Jim Olson is founder and president of FLOW (For Love of Water), a Great Lakes water law and policy nonprofit organization.
When we think of “tunnel vision” we think of narrow-mindedness, myopic thinking, or the horses at the start of the Kentucky Derby with blinders, eyes fixed straight ahead on only one option ‒ a one-way, no-return, single track. Applied to the words and actions of our state’s leaders over the last several years to remove the catastrophic risk to the Straits and the Great Lakes from Enbridge Line 5, the phrase could not be more accurate. While putting up the façade of leadership on Line 5, our leaders have in complicity narrowed the alternatives for Line 5 to a new replacement line or tunnel in the Straits.

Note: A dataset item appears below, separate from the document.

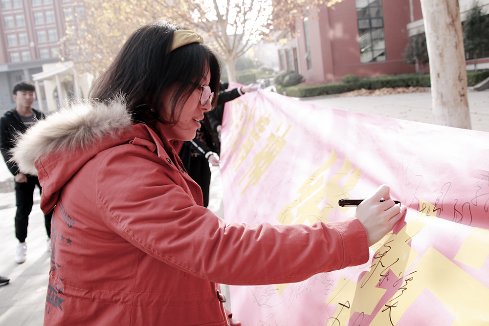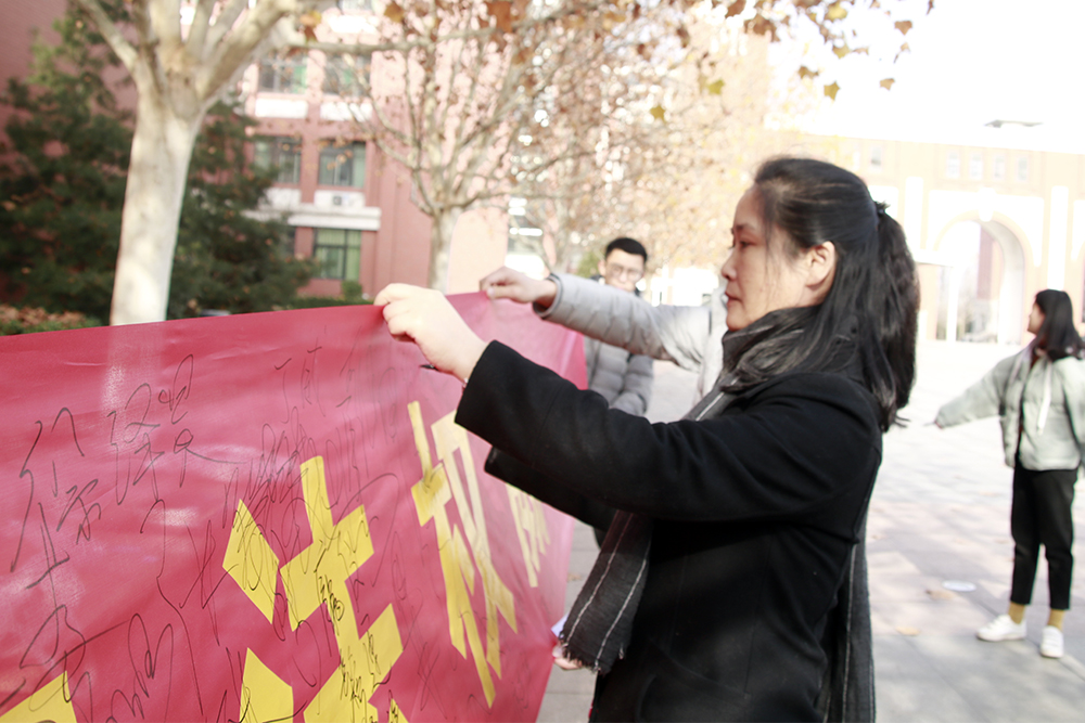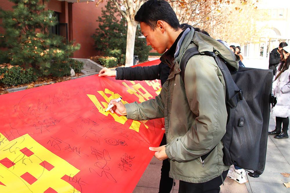 在簽名活動中,青年志愿者協會工作人員手舉憲法日宣傳橫幅,為同學們講解憲法知識,傳遞法律信息。同學們認真聆聽工作人員的講解,在橫幅上簽下自己的姓名,并鞠躬敬禮,以表示自己對憲法的尊重。

It started with the rupture in 2010 of Enbridge’s Line 6b that crosses southern Michigan from Indiana to Sarnia, Canada, spilling a million gallons into the Kalamazoo River and costing more than $1 billion in cleanup so far and untold harm to the river, residents, and quality of life. Nearly everyone in Michigan saw the video clips of the black tar balls and ooze, dead fish and waterfowl, the largest oil spill into inland waters in our country’s history. The disaster triggered a number of questions, not the least of which was to look for other aging crude oil pipelines that cross the waters of Michigan. The answer came as a shock – 64-year-old Line 5, a 645-mile long line from Wisconsin across the UP, and, there it was, right there on the Public Service Commission’s (“PSC”) map, in the Straits of Mackinac, then down through Northern Michigan’s to near Port Huron, under the St. Clair River and into Canada.

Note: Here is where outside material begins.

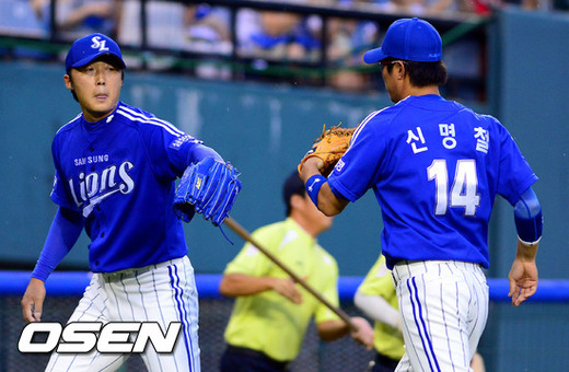 19일 오후 서울 잠실구장에서 열린 '2012 팔도프로야구' 두산 베어스와 삼성 라이온즈의 경기, 3회말 삼성 배영수가 멋진 호수비를 펼친 신명철과 하이파이브를 하고 있다.

‘If you seek a pleasant peninsula...’
Governor Snyder responded that there was nothing Michigan could do about Line 5, because the federal government had exclusive jurisdiction and control over Line 5.
The Straits of Mackinac between the two peninsulas are the heart of Michigan: its geography, history, culture, fishing, boating, drinking water, economy, jobs. The Great Lakes define us. The unacceptable risk of a leak in the Great Lakes fomented a tidal wave of public pressure on the governor, attorney general, and the DEQ to take action. The National Wildlife Federation released an alarming report showing a distressing degree of potential damage. FLOW’s Great Lakes policy center submitted a legal analysis that established the state had jurisdiction because of the state’s sovereign title and perpetual duty to protect the Great Lakes under public trust law and the PSC’s control over the siting of crude oil pipelines.
Gov. Snyder soon changed his tune and convened a petroleum pipeline task force in 2014. In September 2015, the task force released its report. The report concluded that Michigan had jurisdiction over Line 5 and that the State’s paramount duty to protect the Great Lakes would prohibit the location of a crude oil pipeline in the Straits today. To fulfill its duty, the report concluded that an independent comprehensive alternative study was indispensable and required by law. Common sense cautioned that if alternatives to a crude oil pipeline in the Straits could be utilized, Enbridge should be required to implement it in an orderly fashion.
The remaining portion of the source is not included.